The β-expectation Tolerance Interval (β-TI) represents the predicted range (with 95% uncertainty) within which upcoming measures are probable to fall.

This validation strategy allows decisions within clearly defined acceptability limits while effectively managing the risk associated with the method’s use. It ensures a minimal probability of future assay results deviating by more than ±10% from the intended values with 95% confidence that the true values of measurements lie within the defined range.

5. Conclusions

This study developed and validated an innovative test to detect alkylphenols in milk. APs are harmful substances released by plastic packaging into milk that pose a significant human health risk, disturbing endocrine systems even at minimal concentrations. The suggested method employs the Chem Elut S cartridges (solid/liquid-phase extraction) for the first time to eliminate matrix effects and a chromatographic apparatus (reverse-phase HPLC-DAD) to quantify the APs.
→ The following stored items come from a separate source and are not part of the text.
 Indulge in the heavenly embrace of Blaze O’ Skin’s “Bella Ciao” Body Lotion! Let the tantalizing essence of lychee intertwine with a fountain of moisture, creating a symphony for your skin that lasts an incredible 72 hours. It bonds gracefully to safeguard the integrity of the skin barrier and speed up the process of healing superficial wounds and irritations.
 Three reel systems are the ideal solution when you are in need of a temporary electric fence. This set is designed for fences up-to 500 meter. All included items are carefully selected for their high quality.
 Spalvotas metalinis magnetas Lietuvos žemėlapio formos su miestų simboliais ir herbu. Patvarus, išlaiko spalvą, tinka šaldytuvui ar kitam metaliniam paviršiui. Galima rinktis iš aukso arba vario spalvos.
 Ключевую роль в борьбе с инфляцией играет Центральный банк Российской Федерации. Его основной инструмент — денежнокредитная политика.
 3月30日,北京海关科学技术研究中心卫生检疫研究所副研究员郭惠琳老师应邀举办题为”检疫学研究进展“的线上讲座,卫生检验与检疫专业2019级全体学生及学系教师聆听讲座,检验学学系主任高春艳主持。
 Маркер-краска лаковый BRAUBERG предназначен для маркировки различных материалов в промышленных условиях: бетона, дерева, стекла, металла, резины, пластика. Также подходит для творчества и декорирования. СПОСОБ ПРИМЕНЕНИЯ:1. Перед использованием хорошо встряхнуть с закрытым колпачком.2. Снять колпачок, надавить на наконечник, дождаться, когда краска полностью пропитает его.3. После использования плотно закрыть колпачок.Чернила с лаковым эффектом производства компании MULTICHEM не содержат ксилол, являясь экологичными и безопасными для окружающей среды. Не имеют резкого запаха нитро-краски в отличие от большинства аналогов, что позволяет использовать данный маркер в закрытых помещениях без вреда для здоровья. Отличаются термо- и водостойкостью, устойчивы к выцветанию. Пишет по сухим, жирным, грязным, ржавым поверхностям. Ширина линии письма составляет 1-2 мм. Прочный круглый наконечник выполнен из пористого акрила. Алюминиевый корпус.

The method was validated using the accuracy profile approach, which considers bias and standard deviation to ensure reliability.
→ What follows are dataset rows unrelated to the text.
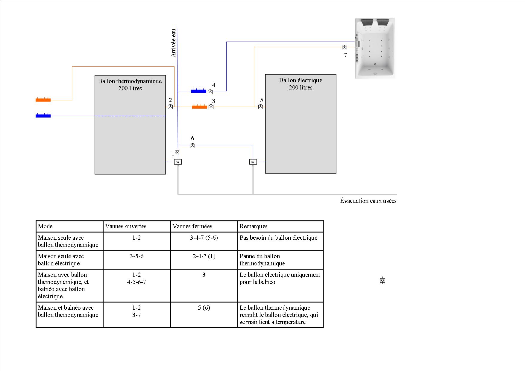je voudrai mettre un nouveau chauffe eau en parallèle pour ma balnéo, qu'il puisse aussi alimenter la maison en cas de panne de mon chauffe eau thermodynamique ; et que le thermodynamique puisse alimenter la balnéo si l'on a pas besoin de beaucoup d'eau chaude dans la maison.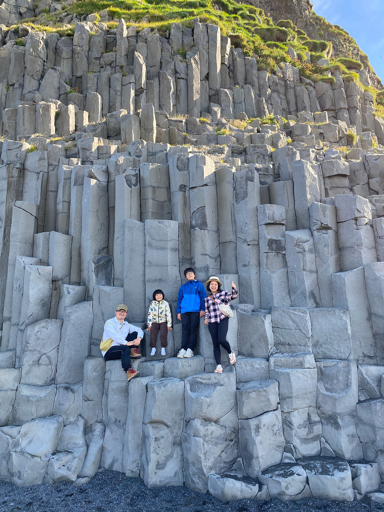 오늘도 날씨가 너무 따뜻하고 하늘은 파랗다. 아이슬란드 여행을 하면 2/3는 비나 눈이 오고 1/3만 파란 하늘을 볼 수 있다고 했는데 우리 가족은 날씨 요정을 데리고 다니나 보다. 루터 교회에서 차를 타고 10분 정도 이동해 해변 쪽으로 내려갔다. 레이니스피아라(Black Sand Beach Reynisfjara)라는 유명한 검은 모래 해변인데 해변 바로 앞에 주상절리와 동굴을 만날 수 있었다.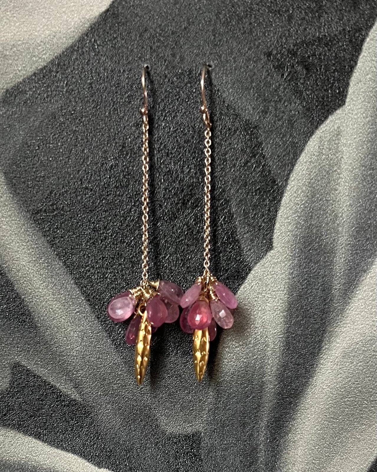 Get your hands on Pantone's color of 2023 with these faceted tourmaline drops hanging on a chain from a french wire above a cast serpentine carved pod. Gold filled chain and ear wire. Hang 7.5cm or 3". ONE OF A KIND!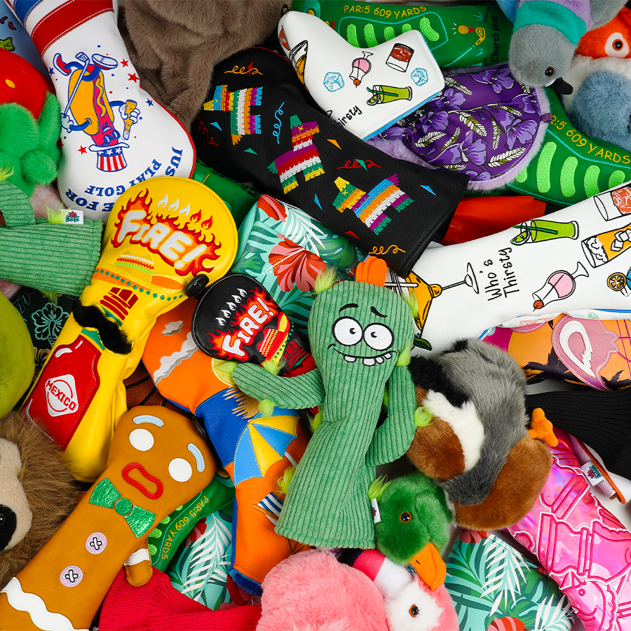 Housse de tête de club de golf en cuir PU coloré en stock, motif bière et ananas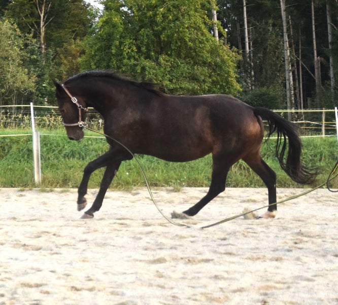 Wegen Zuchtaufgabe und Auslandsaufenthalt ist diese bildschöne, brave Verbandsprämienstute abzugeben geb. 2017, dunkelbraun, ca. 176 cm Stm, v. FAHRENHEIT x STEDINGER, im Offenstall mit viel Bewegung aufgewachsen, spät von S-Reiterin angeritten In Oldenburg als Zuchtstute VPr. eingetragen und SLP absolviert, seitdem nur noch sporadisch geritten Hatte 2 Fohlen (2023 und 2025) von BENICIO, beides Prämienfohlen, beides Dunkelfüchse, nicht besamt für 2026 Mutterlinie: 2 Elitestuten in Folge, dann StPrST Vollbruder der Mutter: Oldenburger Prämienhengst Oldenburger Stutenstamm 74
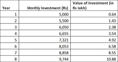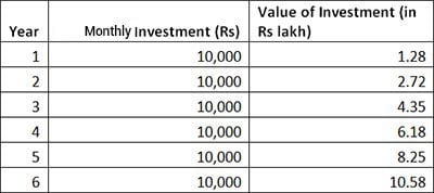If you are 24 and want to accumulate Rs 10 lakh in your account by the time you reach 30, you will be required to invest Rs 10,000 per month in an asset class which gives you Rs 12 per cent,  to achieve the goal.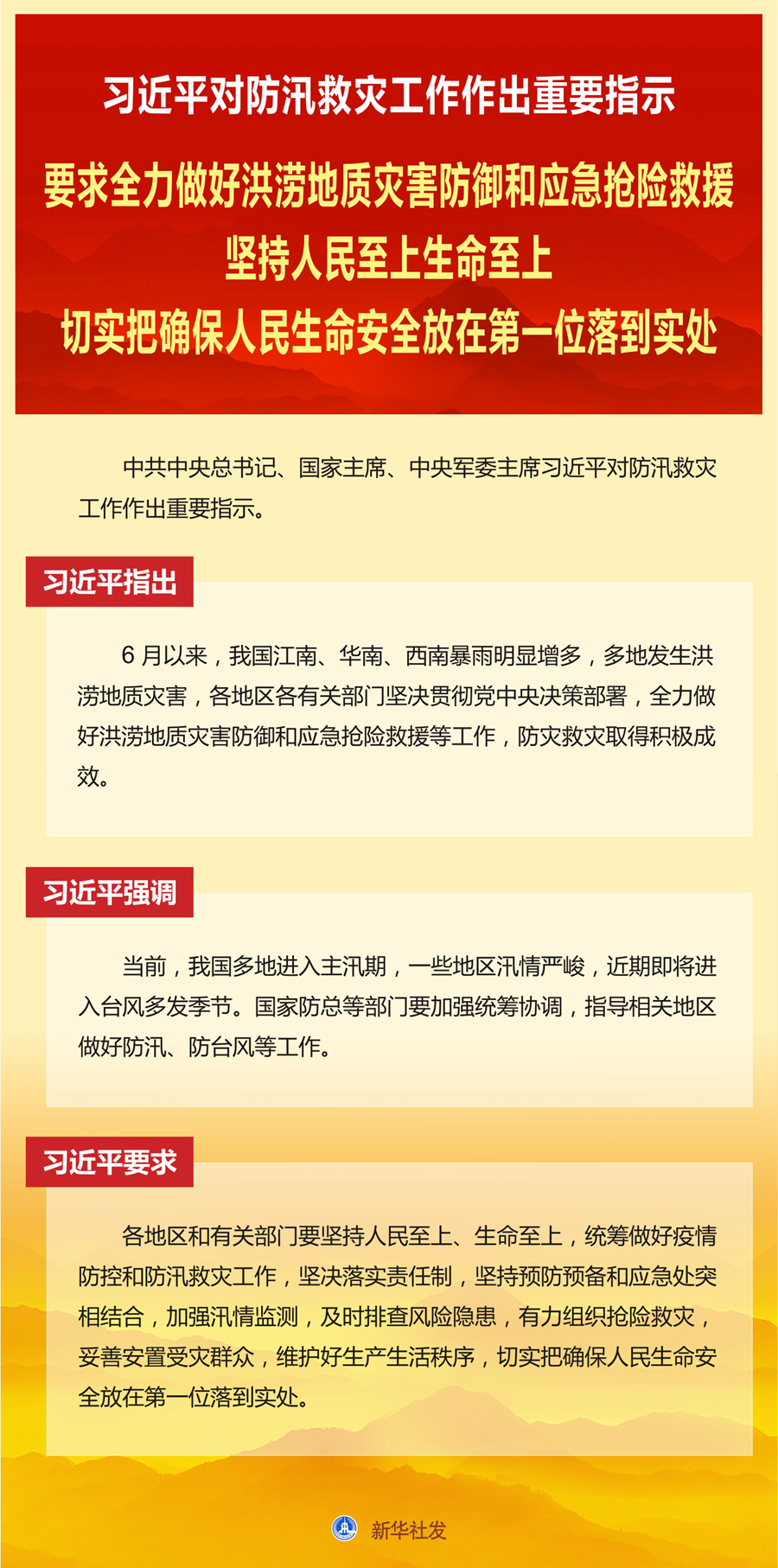 习近平指出,6月以来,我国江南、华南、西南暴雨明显增多,多地发生洪涝地质灾害,各地区各有关部门坚决贯彻党中央决策部署,全力做好洪涝地质灾害防御和应急抢险救援等工作,防灾救灾取得积极成效。

The reliability of the test was ensured by the absence of matrix molecules interfering with the analysis, a clear and consistent linear relationship between the independent and dependent variables, minimal discrepancies in both short- and long-term precision, and exceptionally low error margins in the dosage method.

It would be both strategic and beneficial to enhance public health and food safety for the research laboratories to be responsible for developing pre-validated tests for routine analyses since validation is resource-intensive and time-consuming. Ensuring ready accessibility to reliable, accurate, and selective methods would significantly facilitate the work of commodity laboratories.

Future studies should focus on methods for reliable APs dosage across different food matrices.